Paul: That’s the thing. Some people consider Excel spreadsheets and CSV files to be unstructured data, simply because they’re often stored on unstructured systems like SharePoint. But they’re actually quite structured. So, yes, it’s a grey area. But on the opposite side of the coin, structured data is very clear cut – it’s your system servers, databases, CRMs, and SAPs. I guess the questions we really need to answer are: Why does it matter? And what are the impacts?
The traditional problem with unstructured and semi-structured data is working out how to find the information you need from what you’ve already got stored.

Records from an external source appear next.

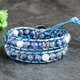 【材质】意大利斑蓝石、白松石、进口金属色真皮牛皮绳、编织线、合金组件、进口手链扣
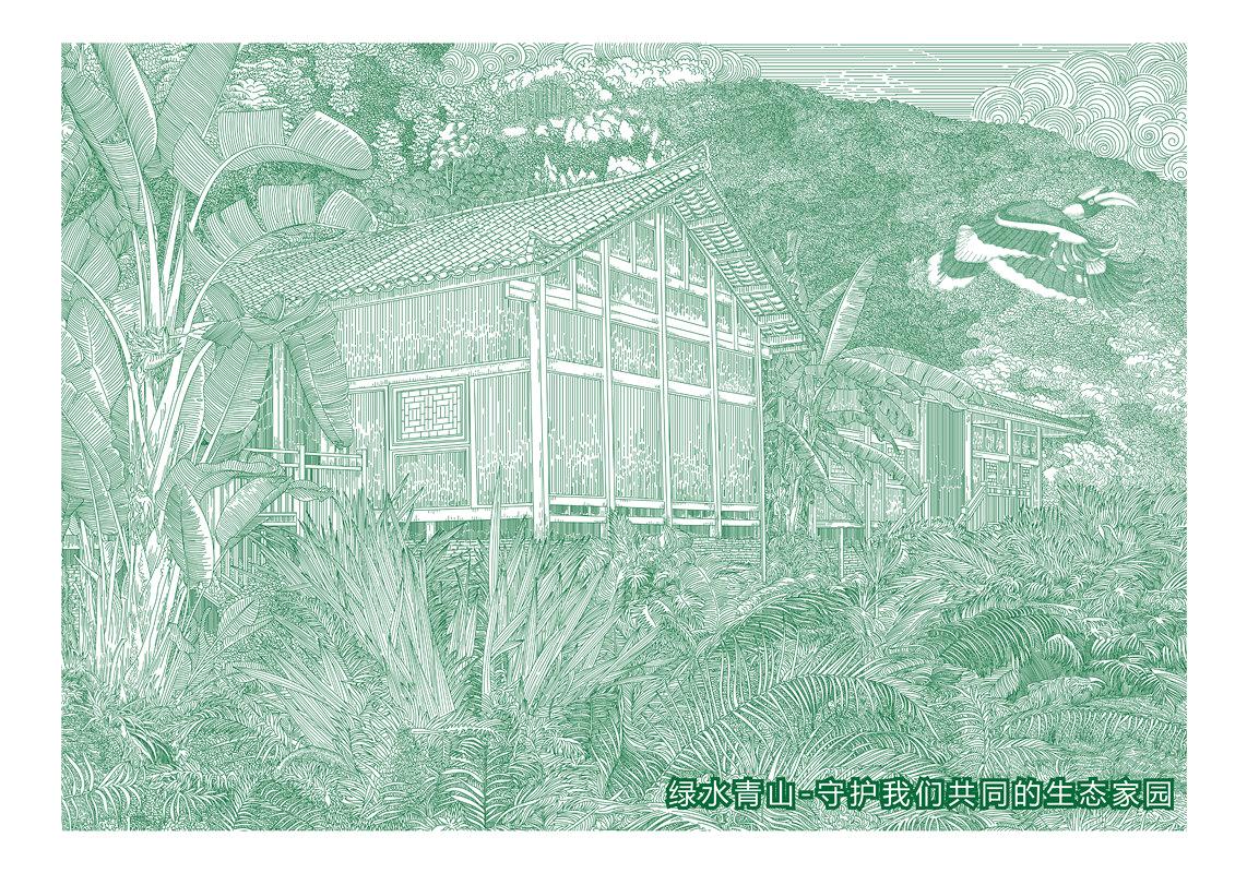 创意说明:作品以“绿水青山-守护我们共同的生态家园”为主题,展现了云南边境地区的生态之美。画面中,特色民居与繁茂植被、飞鸟和谐相融,既体现出当地良好的生态环境,也呼应了“兴滇润边”中对生态文明建设的重视,彰显出守护生态家园,方能让边境幸福模样永续的深意。
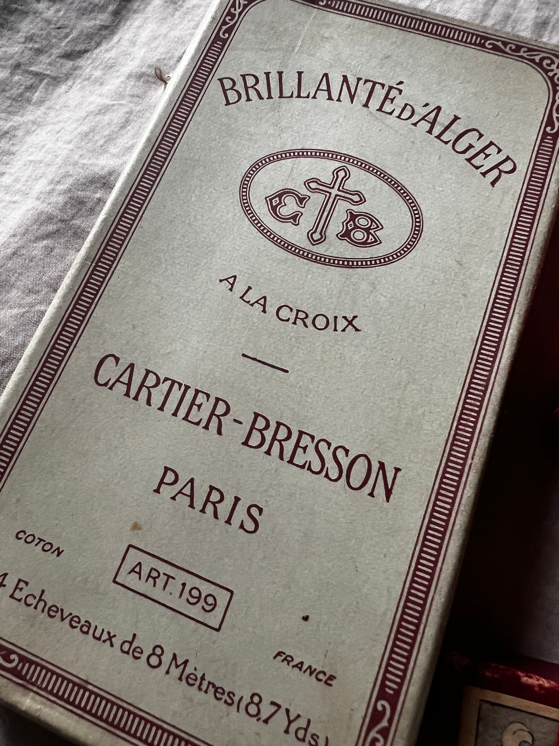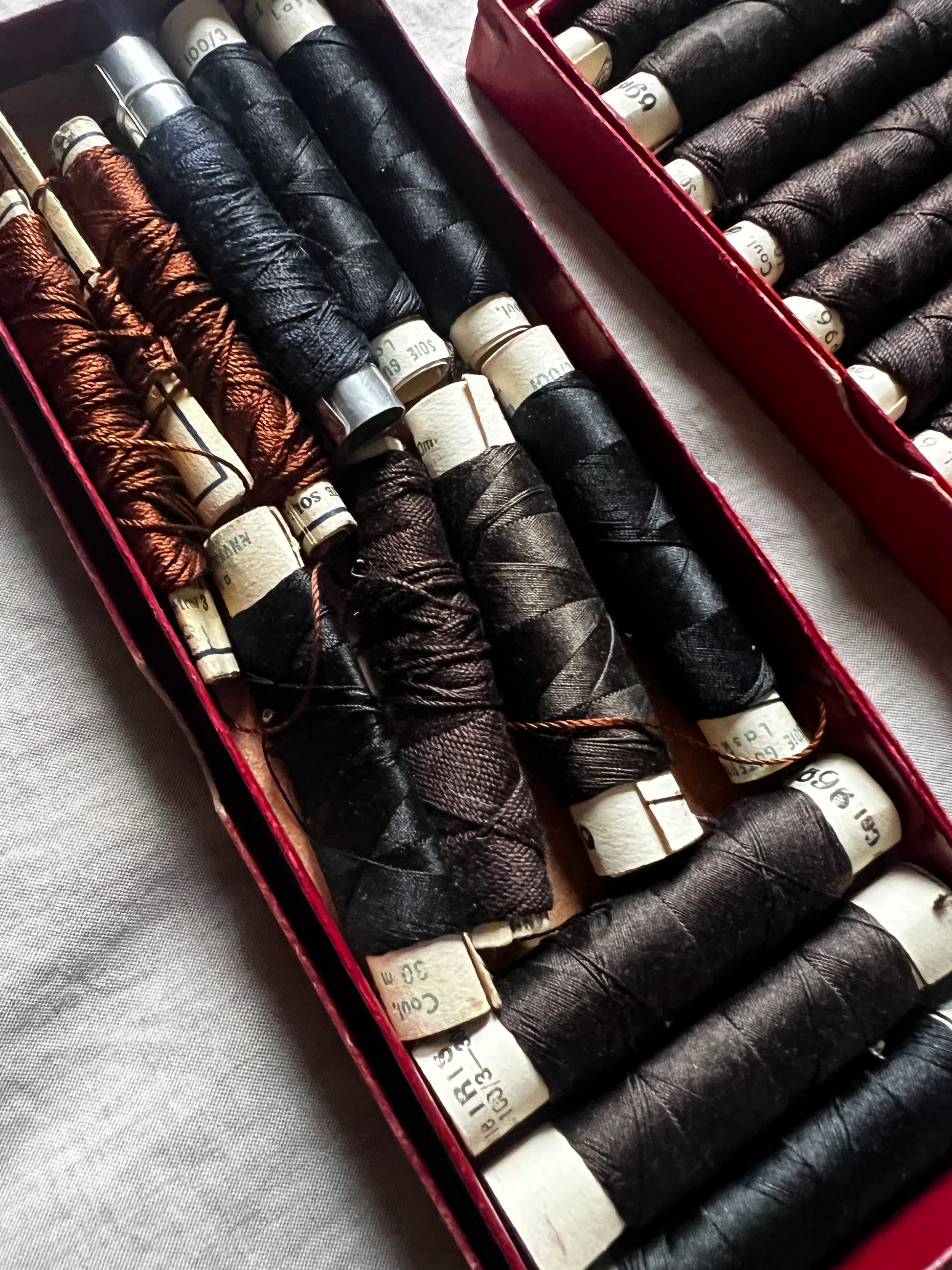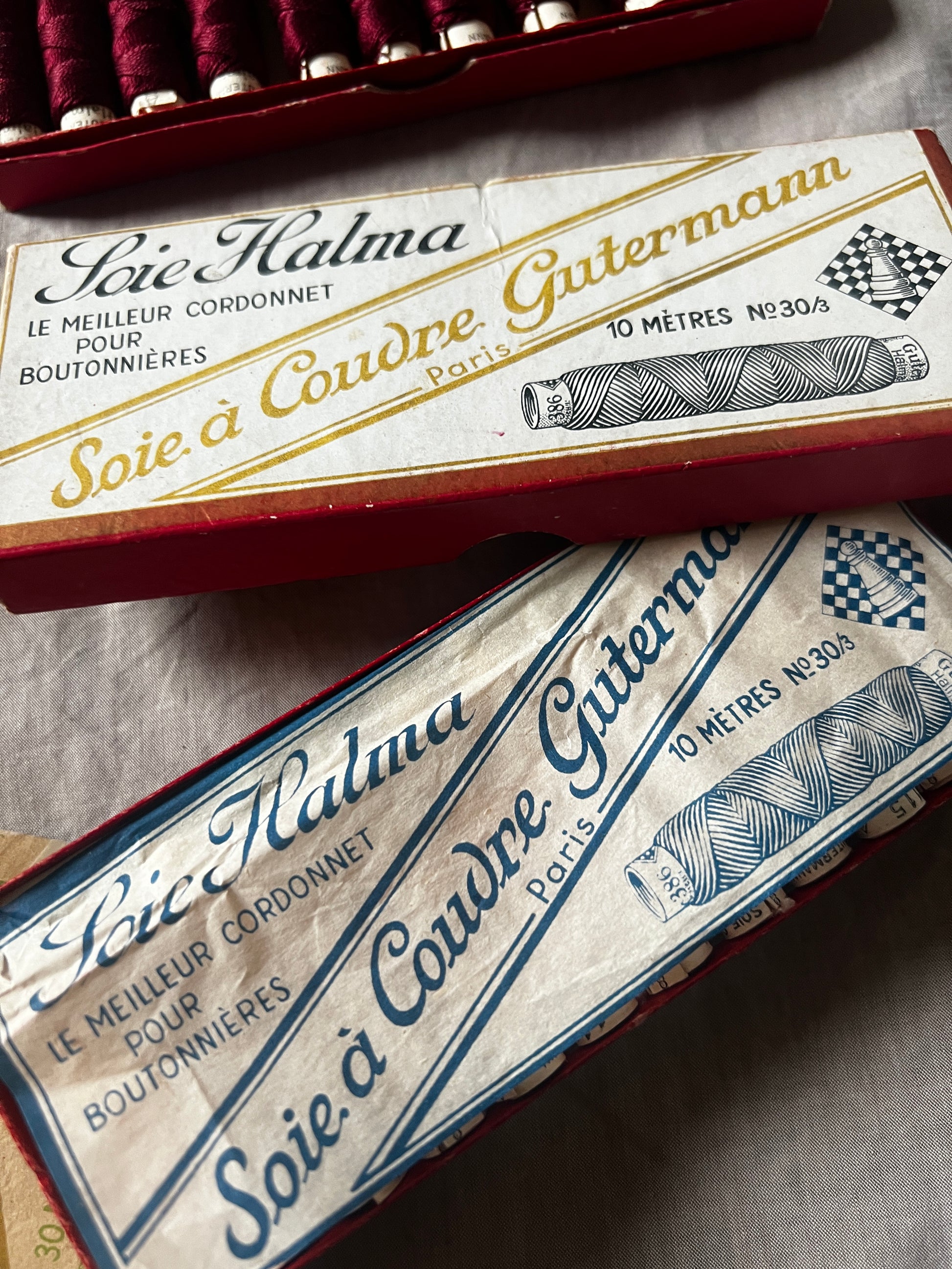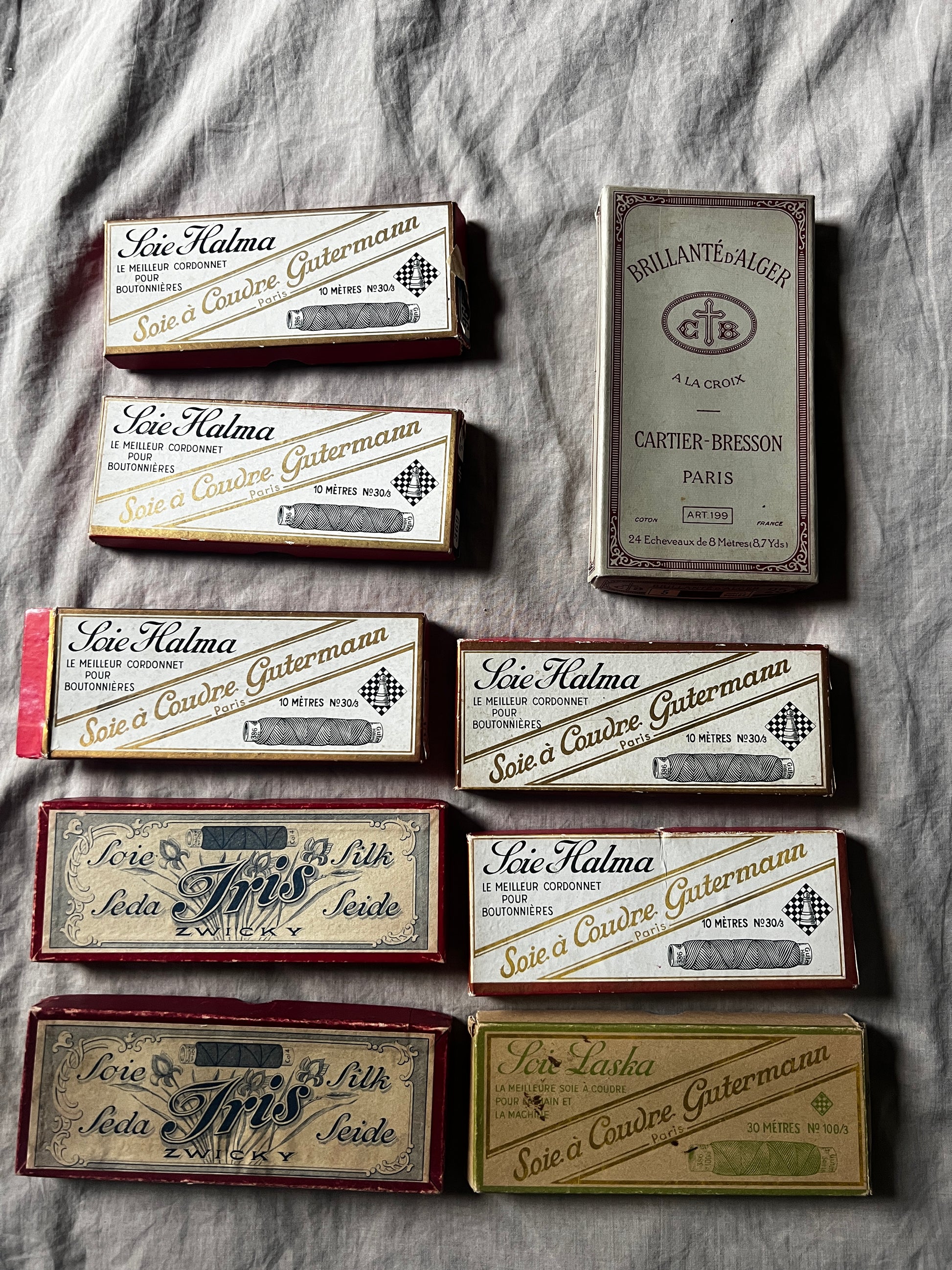 古く味わい深いロゴデザインの紙箱に収められた筒ボビンや刺繍糸かせセットです

Matt: I think the traditional problem with unstructured and semi-structured data is working out how to find the information you need from what you’ve already got stored. What tools do businesses have in place to do that effectively? And what are the solutions to help them derive information, discover it, and classify it properly?
Paul: Right. That’s the first challenge, the discovery problem. You need a platform that can consistently dip into all those diverse repositories and separate systems to create one unified index. It needs to constantly do this and be accessible to all users, so they don’t need to be familiar with back-end repositories and systems. Once you’ve got that in place, you’ve got a one-stop-shop. You can then find and discover what you need.
You need a platform that can consistently dip into all those diverse repositories and separate systems to create one unified index.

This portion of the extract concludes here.